Generate Validation Datamaps

Create comprehensive datamaps showing variable types, value distributions, and data quality metrics:

import ultrasav as ul

df, meta = ul.read_sav("survey.sav")

# Create a validation datamap
datamap = ul.make_datamap(df, meta)

# Export to beautifully formatted Excel
# This function supports polars only at the moment
ul.map_to_excel(datamap, "validation_report.xlsx")

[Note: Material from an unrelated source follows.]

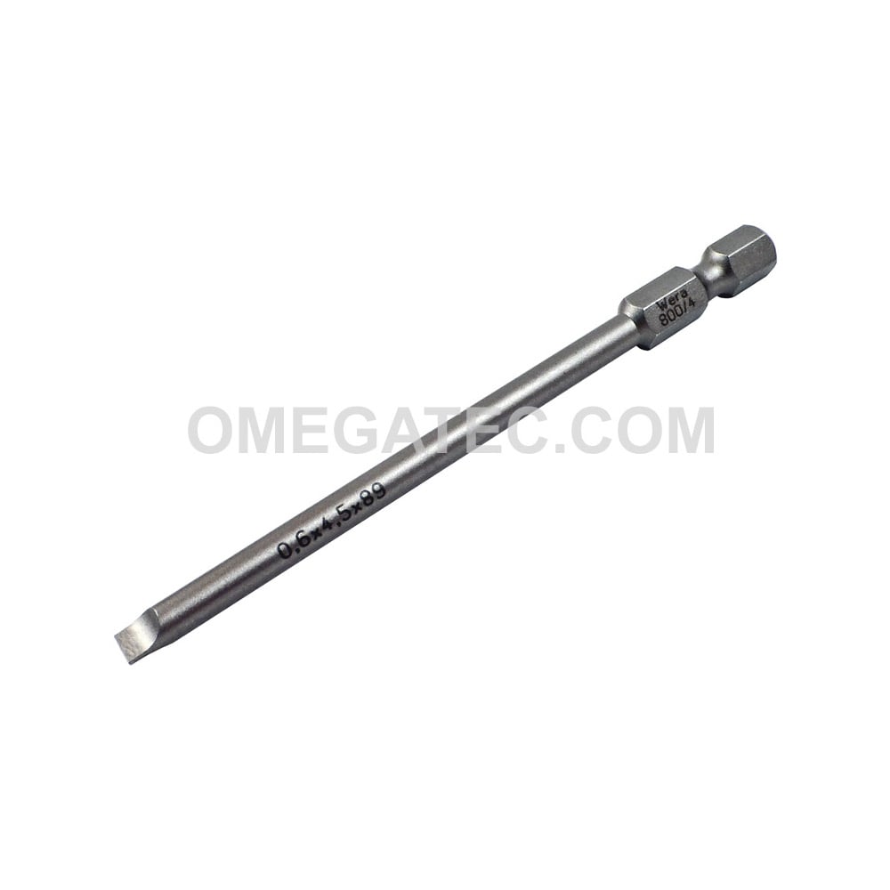 Wera 800/4 Z Punta Plana con Impulsor de Poder de 1/4”. Grueso de la Cuchilla: 0.6mm Ancho de la Cuchilla: 4.5mm Diámetro del Vástago: 4.5mm Longitud Total del Vástago: 89mm / 3 1/2”

# Use custom color schemes
ul.map_to_excel(
    datamap, 
    "validation_report.xlsx",
    alternating_group_formats=ul.get_color_scheme("pastel_blue")
)

The datamap includes:

Variable names and labels
Variable types (single-select, multi-select, numeric, text, date)
Value codes and labels
Value counts and percentages
Missing data flags
Missing value label detection

Note: Variable types are inferred from both SPSS data and metadata on a best-effort basis and may not always perfectly reflect the true underlying types.

Extract Metadata to Python Files

Save existing metadata (if any) from a sav file as importable Python dictionaries for reuse across projects:

import ultrasav as ul

df, meta = ul.read_sav("survey.sav")

# Extract metadata (labels) to in-memory python object
meta_dict = ul.get_meta(meta)

# Extract and save ALL metadata to a Python file
meta_dict = ul.get_meta(meta, include_all=True, output_path="survey_labels.py")

Create Labels from Excel Templates

Build label dictionaries from scratch using Excel templates - perfect for translating surveys or standardizing labels:

import ultrasav as ul

# Excel file with 'col_label' and 'value_label' sheets
col_labels, val_labels = ul.make_labels(
    input_path="label_template.xlsx",
    output_path="translated_labels.py"  # optional
)

Excel Structure:

Your Excel file should have two sheets:

Column Labels Sheet (default sheet name: "col_label"):

variable label

age Age of respondent

gender Gender

income Annual household income
Value Labels Sheet (default sheet name: "value_label"):

variable value label

gender 1 Male

gender 2 Female

income 1 Under $25k

income 2 $25k-50k

variable	label
age	Age of respondent
gender	Gender
income	Annual household income

variable	value	label
gender	1	Male
gender	2	Female
income	1	Under $25k
income	2	$25k-50k

📖 API Reference

Core Functions

`read_sav(filepath, output_format="polars")`

Read SPSS file and return separated data and metadata. This is a wrapper around pyreadstat.read_sav with some additional encoding handling

df, meta = ul.read_sav("survey.sav")

`write_sav(data, meta, filepath)`

Write data and metadata to SPSS file.

ul.write_sav(df, meta, "processed_data.sav")

`add_cases(inputs, meta=None, source_col="mrgsrc")`

Merge multiple files/dataframes vertically with metadata handling, return merged data and metadata.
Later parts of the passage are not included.